The 22", 5 hp, pull-start R/C mower.
From another angle.
The throttle and shift servos.
Underneath the mower.
The 30", 8 hp, electric-start, 3-speed R/C mower.
David Moyer's R/C mower.
The Evatech mower, a good design.
The best steering servo ($300).
THE FLORIDA CRACKERS
All lawn mowers have one basic flaw. Get rid of it and it's much
lighter, goes faster, goes under low branches and between bushes, turns
on a dime, saves gas, mows in the rain and lets you have fun to as well.
That flaw is the rider. So next we made two radio-control mowers.
Earlier we had assembled a model R/C car with a small Sony TV camera
and a wireless video transmitter. It was an RPV, or remotely piloted
vehicle. This seemed like a great way to mow.
We assembled the back half of the mower first; the engine, transmission,
differential, axle bearing blocks and wheels. Then we clamped a steering
mock-up in place. It showed that we needed at least 18 in.-lbs. of torque
to steer in dry grass with no motion, much less if you're moving.

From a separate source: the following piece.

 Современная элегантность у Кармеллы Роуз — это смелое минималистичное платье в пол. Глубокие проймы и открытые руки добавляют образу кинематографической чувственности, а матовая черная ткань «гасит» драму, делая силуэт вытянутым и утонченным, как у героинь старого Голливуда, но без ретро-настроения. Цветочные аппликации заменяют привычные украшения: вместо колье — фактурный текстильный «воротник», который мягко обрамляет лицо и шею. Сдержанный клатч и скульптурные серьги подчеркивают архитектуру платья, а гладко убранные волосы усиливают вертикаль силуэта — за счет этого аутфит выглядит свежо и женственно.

We
already had an electric screwdriver, so we modified it with servo electronics
and MOSFETs. It worked and was very strong.
A key part is the Comet 203312A centrifugal clutch. Many engines will
work, but one lever must operate the throttle-choke-kill functions. Many
transmissions will work, but it should shift as easily as possible (remove
all detents). Ours is a used Foote 1407 F-N-R model. Many differentials
will work (Peerless 108 shortened to 22"). The throttle and shift servos
are Futaba S34 (7 in-lb torque for big planes). The German Simprop steering
servo takes 7.2 volts from a standard nicad battery and delivers 33 in-lb of
torque. A BEC drops the 7.2 volts for the receiver and smaller servos. We
charge the 7.2 V with a peak-detect charger.

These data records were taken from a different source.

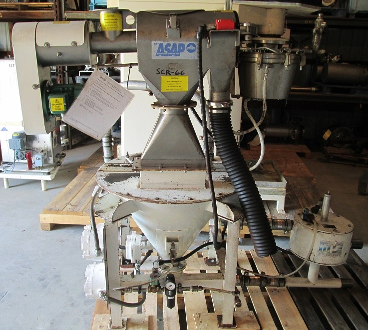 used Sweco Rotary/Centrifugal Sifter model K300C. Screen is approx. 5" dia x 12" L. 4" inlet, 4" screw auger feeder. Unit comes with MAC hopper with level indicators, bin vibrator and impulse valve. Previously used in sanitary application for coffee grinds.
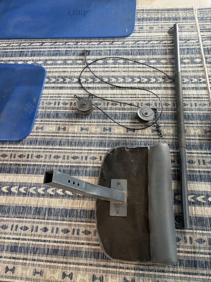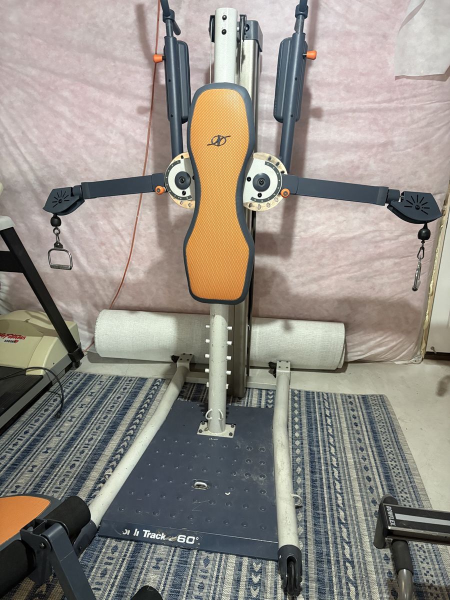 Works great! Freemotion Ajustable arms. Full body workout. Moves around easily with wheels attached to base of machine that lock in place.
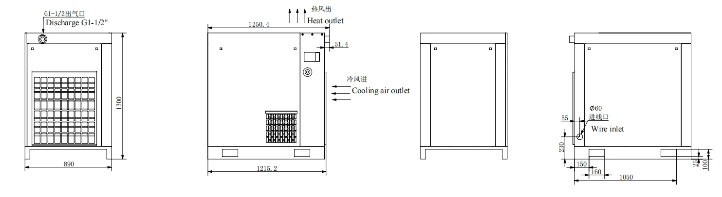 The high-pressure cooling system is adopted, and the heat dissipation efficiency is high, so that the air compressor can still work continuously in a high temperature and high humidity environment
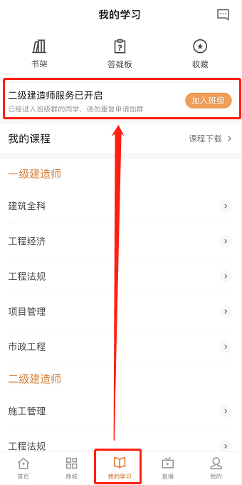 賬號(hào)登錄APP后,點(diǎn)擊“我的學(xué)習(xí)”,最上面顯示“二級(jí)建造師服務(wù)已開啟”點(diǎn)擊加入班級(jí)
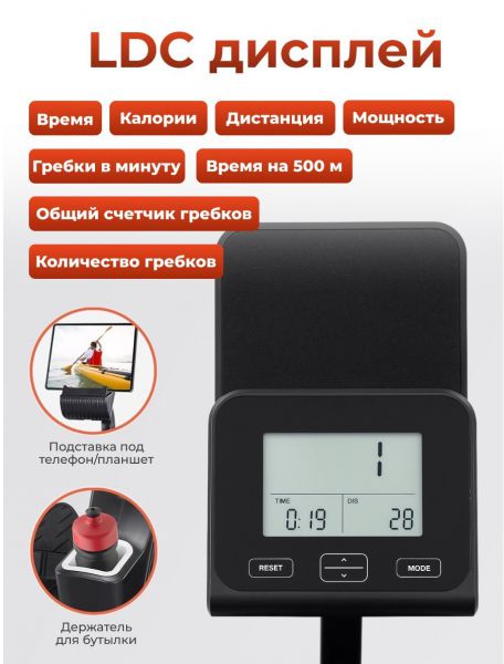 Гребной тренажер DFC ECHANFIT CRW4107A-N - ОписаниеСомневаетесь? - Посмотрите рейтинг ТОП-10 по категории «Гребные тренажеры»Гребной складной тренажер DFC ECHANFIT CRW4107A-N — это удобный и функциональный тренажёр для домашнего использования с магнитной системой нагрузки. Он сочетает эффективность, комфорт и простоту эксплуатации, помогая поддерживать отличную физическую форму и тренировать всё тело. Модель рассчитана на пользователей весом до 120 кг. Удобное сиденье обеспечивает комфорт во время тренировки, позволяя сосредоточиться на выполнении упражнений. Слайд длиной 64,3 см обеспечивает естественную амплитуду движений и комфорт при каждом гребке. Эргономичная конструкция способствует правильному положению тела, снижая нагрузку на спину и суставы. В модели установлен Bluetooth для подключения к приложению с онлайн тренировками FITSHOW. Магнитная система с механической регулировкой предлагает 16 уровней нагрузки, позволяя легко адаптировать интенсивность тренировки под индивидуальные цели и уровень подготовки, а вес маховика 3 кг способствует плавной и стабильной работе тренажёра, создавая комфортные условия для длительных и эффективных тренировок. Тренажёр оснащён монохромным LCD-дисплеем, отображающим ключевые показатели тренировки — время, дистанция, ватт, калории, гребки в минуту, время на 500 м, количество гребков, общий счетчик гребков. Это помогает отслеживать прогресс и контролировать результативность занятий. В комплект входят две батарейки типа AAA, необходимые для работы дисплея. Этот гребной тренажер оснащен функцией Bluetooth, вы можете подключиться к FitShow и Kinomap через Bluetooth. Тренажёр складной, что позволяет компактно хранить его в сложенном виде, экономя пространство в квартире или доме. Компактные габариты в сложенном состоянии делают его удобным для хранения даже в небольших помещениях. Рифленые педали с регулируемыми ремешками обеспечивают надежную фиксацию ног. Также есть компенсаторы неровности пола, которые гарантируют стабильность тренажера, а транспортировочные ролики обеспечивают лёгкое и удобное перемещение, позволяя без труда менять его расположение в помещении. Гребной тренажер DFC ECHANFIT CRW4107A-N — компактный и удобный для домашних тренировок. Он оснащён подставкой под планшет и держателем для бутылки, что обеспечивает комфорт и удобство во время занятий. Плавное сопротивление и надёжная конструкция делают тренировку эффективной и безопасной.

The steering wheels are paired 6" wheels on a long bolt, giving a wider
footprint and easy turning. The front rocking axle has the steering servo.

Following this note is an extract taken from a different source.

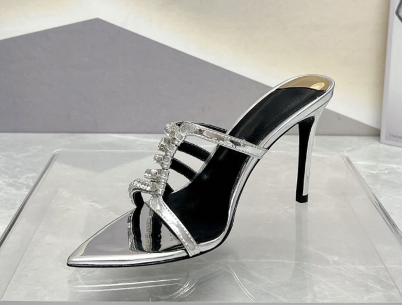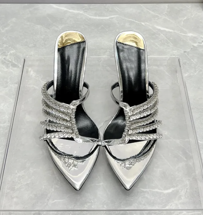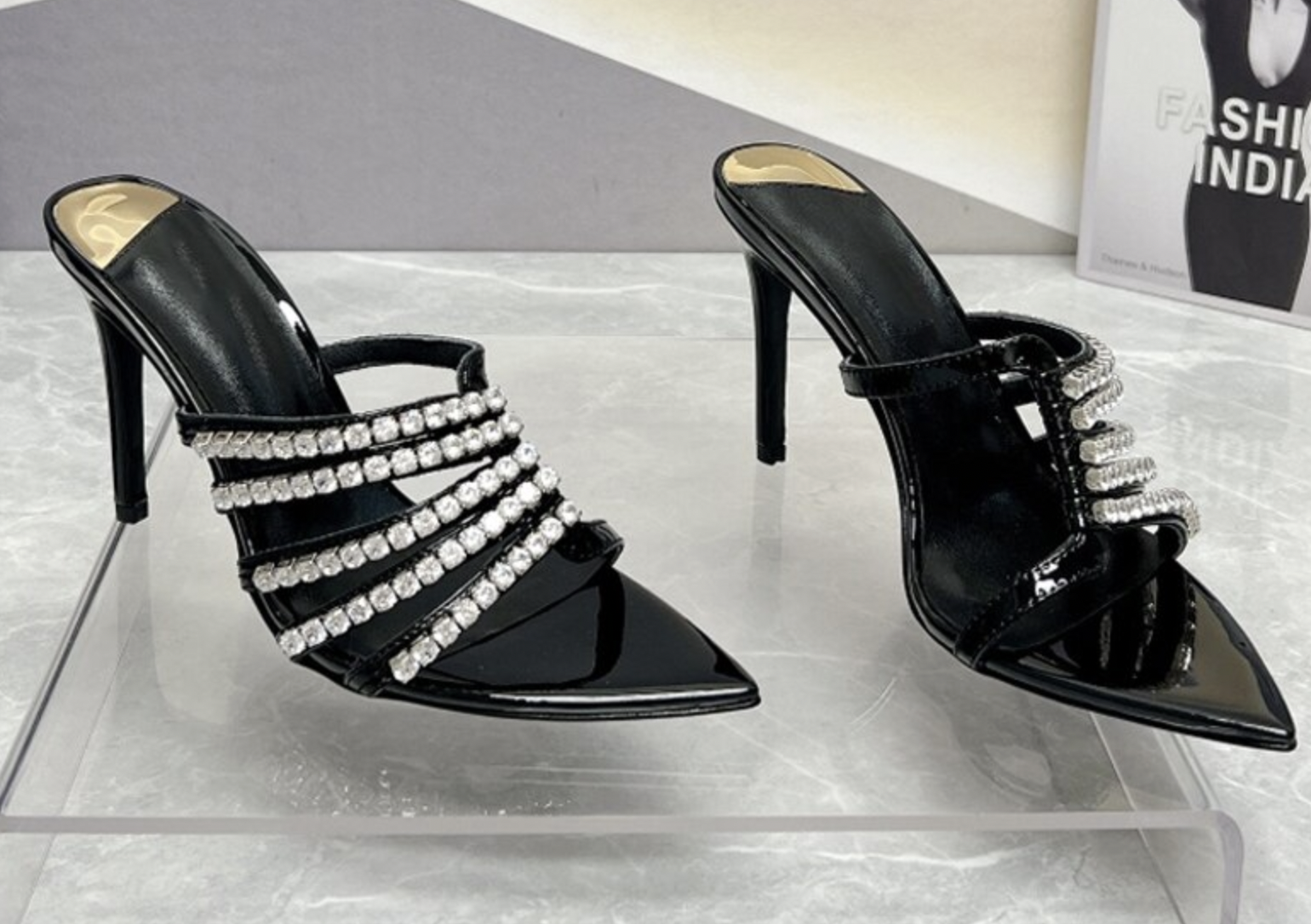 Rhinestone Open-Toed High Heel Wedding Crystal-embellished Strap Slip-on Style Genuine Leather Summer Party Stiletto Women Shoes

The geometry of the steering servo arm gives a tight turning circle. The
rear wheels are 10" pneumatics on the 3/4" differential shaft.
The centrifugal clutch is on the 1" portion of the blade/crank shaft. The
blade hub is on the 7/8" portion. Power goes to the transmission only after
the engine RPM exceeds 1750 RPM. So it won't move until then, regardless of
the shift setting. (But the blade is always spinning!) The 10" rear tires
rotate at just over one rotation/second at that RPM, moving it at about 3
feet/second when first moving. Braking is by drag. We discovered that it
stops quickly in grass when put in neutral. And reverse can be used for
The mower was designed to go under fruit trees and between shrubs that
are awkward or impossible with a rider. And to go much faster than an
operator, walking or riding, would care to go. For mowing large areas
you would need one with a wider cutting swath.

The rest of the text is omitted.